From 2001-2009, Jain served as Dean of the Kellogg School, bringing more than 20 years of experience in management and education to his position at the school's helm.
Prior to his appointment as Dean, he served as the Associate Dean of Academic Affairs for five years and worked closely with former Kellogg School Dean Donald P. Jacobs to set the agenda for the school's curriculum, faculty and research activities.
Dean Jain's areas of research include the marketing of high-tech products; market segmentation and competitive market structure analysis; cross-cultural issues in global product diffusion; new product diffusion; and forecasting models.
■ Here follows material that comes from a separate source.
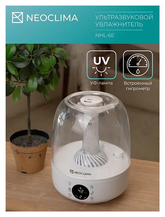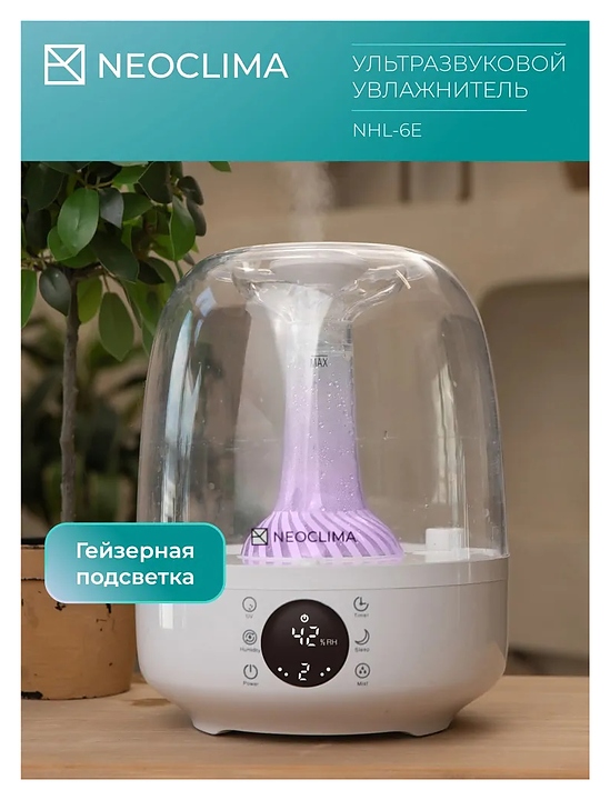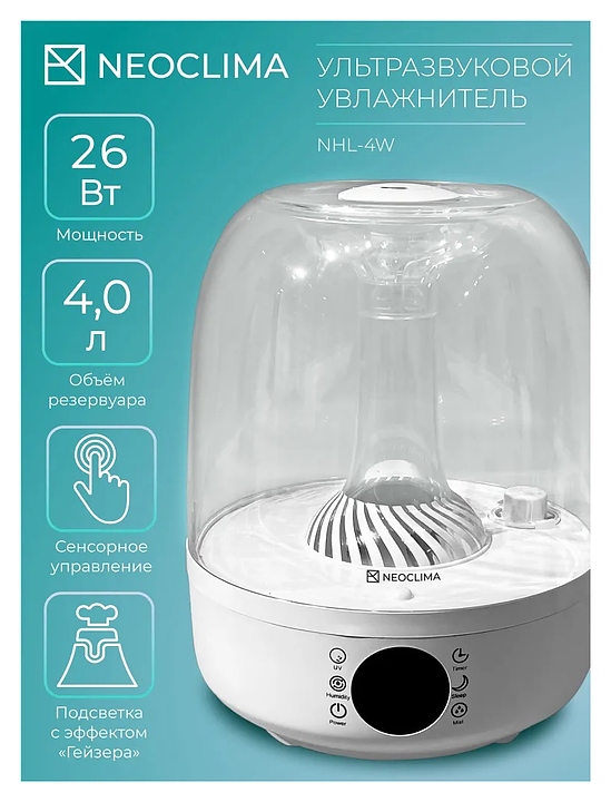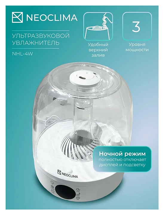 Увлажнитель воздуха ультразвуковой Neoclima NHL-4W создаст комфортный микроклимат в доме, квартире и офисе, поддерживая оптимальный уровень влажности в помещении во время отопительного сезона и жаркого лета. Распыляет воду на ультра-мелкие частицы, используя принцип ультразвукового высокочастотного колебания, и рассеивает водяной туман в воздух через пневматическое устройство для обеспечения равномерного увлажнения воздуха в помещении без капель и налета на мебели и технике. Корпус выполнен из пластика. Особенности:
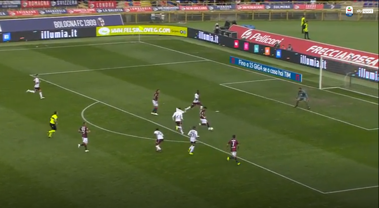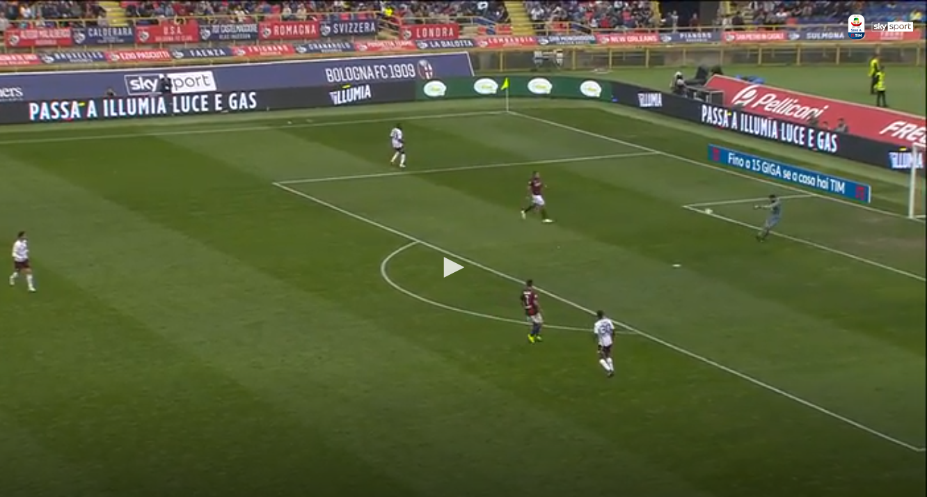 Al 32' della ripresa arriva il pareggio del Bologna, ed è un gol che fa discutere per la catena di errori che lo causa. Nkoulou fa un retropassaggio a Sirigu, che esegue un rinvio troppo corto e nella zona centrale del campo. Errore quindi di imprudenza del portiere granata, che per cercare Berenguer esegue un passaggio troppo rischioso.

He has had more than 50 articles published in leading academic journals. Dean Jain teaches courses on marketing research, new products and services, and statistical models in marketing.
His was educated in Tezpur in Assam. He went on to earn his bachelor's degree in mathematics and statistics in 1976 and his master's degree in mathematical statistics in 1978 from Gawahati University in India. He taught at Gawahati for the next five years before leaving for Dallas to pursue his PhD in marketing at the University of Texas.
Ajay Patel
Ajay Patel was interim dean and dean of the Babcock Graduate School of Management from 2003-2008. Patel joined Wake Forest University in 1993. While at Wake Forest, he has served as Associate Dean for Faculty and Alumni Affairs (2002-2003) and then Interim Dean and Dean (2003-2008) of the Babcock Graduate School of Management.
Patel's work has been widely published in scholarly journals and has won four awards from academic associations and two from practitioner associations.
During his tenure at the Babcock School, he has won numerous professional awards and teaching honours. In 1997 and 2000, Patel was honored with the Outstanding Faculty Award for the Babcock School's Charlotte evening MBA programme.